Hamam ve mezbaha olarak seçilen iki ayrı intikam mekanı ve ölüm sahnelerinin altının çizilerek verilmesi filmi farklı kılan özelliklerden birisidir. Yaşlı anasını kaybettiği gün başka bir anayı sevindirir. İntikamın kendine dönen bir silah olduğunu anlamakta gecikmez, öldürdüğü insanların ona verdiği bedel annesini kaybetmektir. Polis tarafından arandığı için annesinin cenazesine uzaktan bakmak zorunda kalır toprağını kendi atamaz son görevini yerine getiremez. Şeyhmuz’un yerini öğrendiği konsomatrisin ne düşünüyorsun sorusuna verdiği cevap filmin bir özetidir: “Yarın”
Konusunun temel özellikleriyle diğer Yeşilçam filmleriyle benzerlikleri olan Alın Yazısını diğerleri arasından sıyırıp özel bir noktaya getiren karakterlerin seçimi, işleyişteki akıcılık ve filmin her sahnesinde varolan özendir. Cüneyt Arkın bir sahnede “Hela” nın yerini sorar. Tuvaletin bugünde Anadolu’da ki adı Heladır.

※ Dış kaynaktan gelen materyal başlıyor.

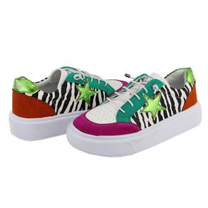 Tenis Feminino Casual Camurça Fechamento Cadarço Animal Print Zebra Palmilha Gel Macia Dia a Dia - 34 - Verde

Bu söz filmdeki Anadolu kökenli karaktere verilen özenin basit bir örneğidir.
Haydar, tespihinden basık topuklu ayakkabılarına, kıyafetinden yürüyüşüne mahalli bir karaktere biçilmiş sembolik kahraman imajını çizmektedir. Geçmiş tarihi içinde yaşatan herhangi bir mahallede görülebilecek cinsten "mert" kabadayıların sembolüdür bu. Cüneyt Arkın’ın ayakkabılarının koncunu çekmesi, kahve fincanın üstünden tutuşu, sigarasını ağızlıkla kullanması bu sembole yapılan göndermelerdir.